Alfred University News

SUNY designates Alfred University's Scott Misture '90, '94 'Distinguished Professor'

Scott Misture, Inamori Professor of Materials Science and Engineering in the Inamori School of Engineering at Alfred University, has been appointed to the rank of "Distinguished Professor" by the State University of New York (SUNY) Board of Trustees.


ALFRED, NY – Scott Misture, Inamori Professor of Materials Science and Engineering in the Inamori School of Engineering at Alfred University, has been appointed to the rank of “Distinguished Professor” by the State University of New York (SUNY) Board of Trustees. Misture, an Alfred University alumnus (B.S. ceramic engineering 1990; Ph.D., ceramic science, 1994) has been teaching at his alma mater since 1996 and is internationally-recognized as a pioneer in the development and application of materials analysis tools to understand ceramics and glasses at high temperatures.

Over the course of a 25-year teaching career at Alfred University, Misture has authored “hundreds of high impact publications, (secured) millions in sponsored research funding, and has touched hundreds, if not thousands of students with high impact research mentoring. He was a pioneer and created material characterization techniques for ceramics that have influenced the field tremendously,” Gabrielle Gaustad, dean of the Inamori School of Engineering, wrote in nominating Misture for the designation.

Misture was on the leading edge of the growth of the New York State College of Ceramics (NYSCC) graduate research funding in the 1990s, having won the first prestigious National Science Foundation CAREER award on campus, and his extensive industry and government funding has only grown since then. He was appointed the School of Engineering’s first major endowed professorship (lnamori Professorship) and has built and maintains the largest research portfolio of any professor on campus.

His “ground breaking research findings have been supported with years of successful industrial, federal, and state funding,” Gaustad noted in her nomination. He has secured in excess of $10 million in research funding, from the U.S. Department of Energy, the U.S. Environmental Protection Agency, and the National Science Foundation (NSF), as well as from private industry.

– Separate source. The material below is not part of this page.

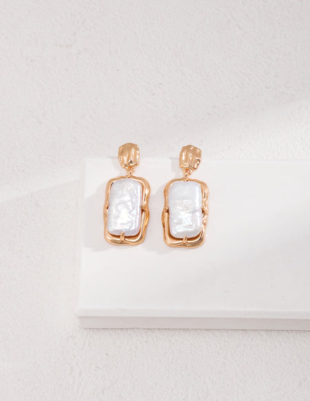 ✔ Rectangular Pearl Earrings – Statement dangle earrings with luminous natural pearls
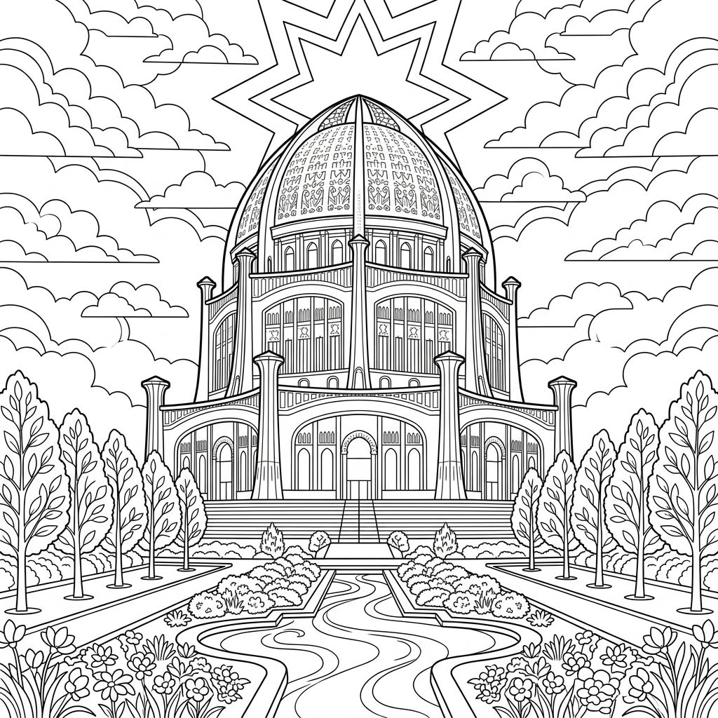 This captivating coloring template showcases a magnificent Baha'i House of Worship, an architectural marvel known for its distinctive nine-sided structure and grand domed roof. Every detail, from the intricate patterns adorning the dome to the gracefully arched windows and welcoming entrances, invites your artistic touch. The temple is nestled within a beautifully landscaped garden, featuring rows of elegant trees, meticulously manicured shrubs, and beds bursting with various flowers. A serene winding path or stream leads the eye toward the sacred building, all under a sky dotted with soft clouds and crowned by a symbolic starburst.

He was instrumental in securing additional funding for the High Temperature Materials Characterization Laboratory and the Center for Ceramic Research, Education, and Technology Enterprise (CREATE) Center on the Alfred University campus. He was the principal investigator on an NSF award that landed the University a $2 million Transmission Electronic Microscope and $500,000 Focused Ion Beam sampled preparation system that has the NYSCC competing with world class characterization facilities.

“As a professor, Dr. Misture has impacted undergraduate and graduate engineers at the New York State College of Ceramics,” Gaustad wrote. “He teaches one of our fundamental characterization classes and labs every single year to all of our juniors. He also teaches several advanced graduate courses to our M.S. and Ph.D. students in Ceramic Engineering, Glass Science, and Material Science and Engineering. His evaluations emphasize his meticulous nature and high bar for our engineers, as well as unwavering encouragement to get involved in research. He is frequently the advisor for a great number of our senior thesis projects. For a professor with such a large research profile and portfolio to devote significant time to undergraduate courses and research is truly distinguishing.”

In her nomination, Gaustad also cited Misture’s service to his profession. Misture serves the Inamori School of Engineering as chair of the Curriculum and Teaching committee as well as chair of the Ceramic Engineering, Glass Science, and Material Science and Engineering divisions. He serves the materials science community as a principal editor of the Journal of Materials Research and has served in leadership positions (Secretary, Vice Chair, Chair Elect and Chair) of the Basic Sciences Division of the American Ceramic Society (ACerS) and in volunteer roles with the Materials Research Society, the International Centre for Diffraction Data, the American Crystallographic Association, and the National Academy of Sciences.